The administration wants to see a package emerge from the weekend, to lend calm to Monday morning’s market openings, said Keith Hennessey, the director of the president’s economic council. The goal is to have something passed by Congress by the end of next week, when lawmakers recess for the elections.

“This is a pivotal moment for America’s economy,” Bush said in his most extensive remarks this week on the crisis. He said that a financial contagion that began with low-quality home mortgages had “spread throughout our financial system” and frozen many financial transactions.

The president said the federal government should interfere in the marketplace “only when necessary,” and that this is one of those times. “Given the precarious state of today’s financial markets, and their vital importance to the daily lives of the American people, government intervention is not only warranted, it is essential,” he said.

Hennessey said fears that there was going to be a run on money market funds was one but not the only reason that drove the administration to make the proposal to Congress.

Bush said the authorities the administration wants Congress to approve — which Paulson said earlier Friday could entail “hundreds of billions” of dollars — was not without risk. But he said that because “the vast majority of assets the government is planning to purchase have good value over time” he expects the money to be paid back to the federal government.

Even if it isn’t, he said “the risk of not acting would be far higher.”

Bush spoke in unusually stark terms about the problems facing the economy and the dangers of not acting, which he attempted to frame in terms relevant not just to Wall Street, but to ordinary Americans, too.

He said “the gears of our financial system ... were at risk of grinding to a halt.” If this were allowed to happen, the president predicted it would “cause massive job losses, devastate retirement accounts and further erode housing values, as well as dry up loans for new homes and cars and college tuitions.”

The president also appeared to go out of his way to reassure Americans that money in traditional checking accounts, savings accounts and certificates of deposit is safe.
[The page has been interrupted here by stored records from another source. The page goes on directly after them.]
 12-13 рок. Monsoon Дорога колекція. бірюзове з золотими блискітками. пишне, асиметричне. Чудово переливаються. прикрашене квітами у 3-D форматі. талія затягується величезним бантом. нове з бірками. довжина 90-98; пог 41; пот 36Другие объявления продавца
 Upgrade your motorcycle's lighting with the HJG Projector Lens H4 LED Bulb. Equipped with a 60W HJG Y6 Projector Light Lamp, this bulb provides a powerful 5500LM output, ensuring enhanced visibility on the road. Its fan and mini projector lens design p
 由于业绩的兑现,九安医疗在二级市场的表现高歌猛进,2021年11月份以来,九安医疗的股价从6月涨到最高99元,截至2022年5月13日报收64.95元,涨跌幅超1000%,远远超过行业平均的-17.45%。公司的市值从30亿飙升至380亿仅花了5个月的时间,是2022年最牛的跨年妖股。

“Every American should know that the federal government continues to enforce laws and regulations protecting your money,” he said.
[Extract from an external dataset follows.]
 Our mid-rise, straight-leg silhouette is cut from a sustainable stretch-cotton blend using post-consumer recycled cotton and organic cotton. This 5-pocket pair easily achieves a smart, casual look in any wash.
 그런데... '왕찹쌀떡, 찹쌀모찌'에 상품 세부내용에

He noted that, through the Federal Deposit Insurance Company, “every savings account, checking account and certificate of deposit is insured by the federal government for up to $100,000. The FDIC has been in existence for 75 years, and no one has ever lost a penny on an insured deposit, and this will not change.”

“We have a flexible and resilient system that absorbs challenges and makes corrections and bounces back,” Bush said. “ ... Our economy has weathered every one of these challenges and still managed to grow. We will weather this challenge, too, and we must do so together.”

He warned Democratic leaders against adding “controversial provisions” to the rescue package “that could delay action.” White House press secretary Dana Perino would not comment on what sorts of provisions would be considered unacceptable to the president, and Hennessey said there would be room for negotiation with lawmakers on how the package would look.

“This is not a time for partisanship,” Bush said.

He spoke after the administration said it would safeguard assets in money market mutual funds and temporarily banned short-selling of financial company stocks, a trading technique that bets on stocks declining in value. The Treasury Department has asked Congress to give it sweeping power to buy up toxic debt that has nearly paralyzed Wall Street.

Bush also has authorized Treasury to tap up to $50 billion from a Depression-era fund to insure the holdings of eligible money market mutual funds. And the Federal Reserve announced it will expand its emergency lending program to help support the $2 trillion in assets of the funds.